> _ABOUT THIS TASK_: Beneath this line is the data. Output exactly the lines from the line with "Se llevó a cabo" to the line with "Беларусь 50 рублей", both ends included, and nothing more.

> _INFORMATION SUPPLIED_:
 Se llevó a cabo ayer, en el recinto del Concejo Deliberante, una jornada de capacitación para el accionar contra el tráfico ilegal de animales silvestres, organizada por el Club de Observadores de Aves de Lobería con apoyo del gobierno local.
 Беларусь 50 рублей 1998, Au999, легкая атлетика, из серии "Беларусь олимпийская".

---

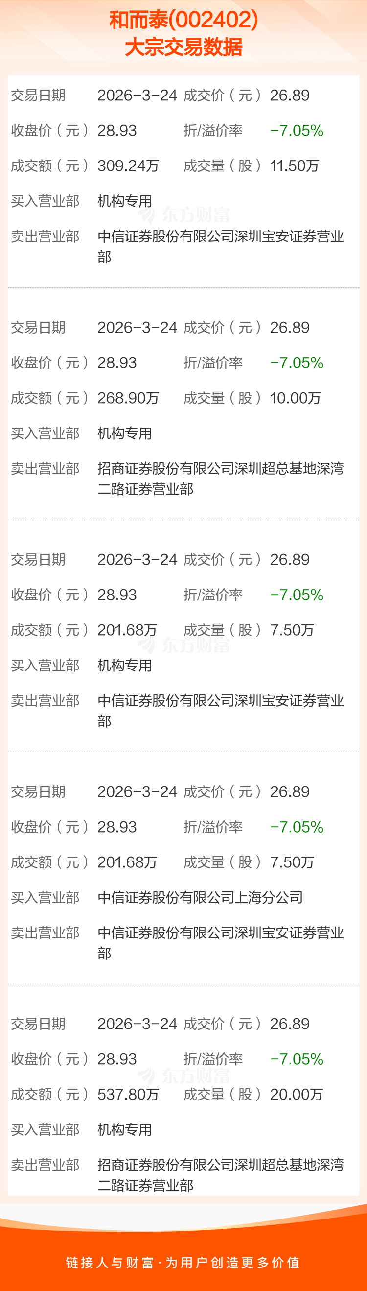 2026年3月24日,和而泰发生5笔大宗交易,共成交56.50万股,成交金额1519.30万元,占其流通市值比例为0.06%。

> _RESPONSE TO THIS TASK_:
 Se llevó a cabo ayer, en el recinto del Concejo Deliberante, una jornada de capacitación para el accionar contra el tráfico ilegal de animales silvestres, organizada por el Club de Observadores de Aves de Lobería con apoyo del gobierno local.
 Беларусь 50 рублей 1998, Au999, легкая атлетика, из серии "Беларусь олимпийская".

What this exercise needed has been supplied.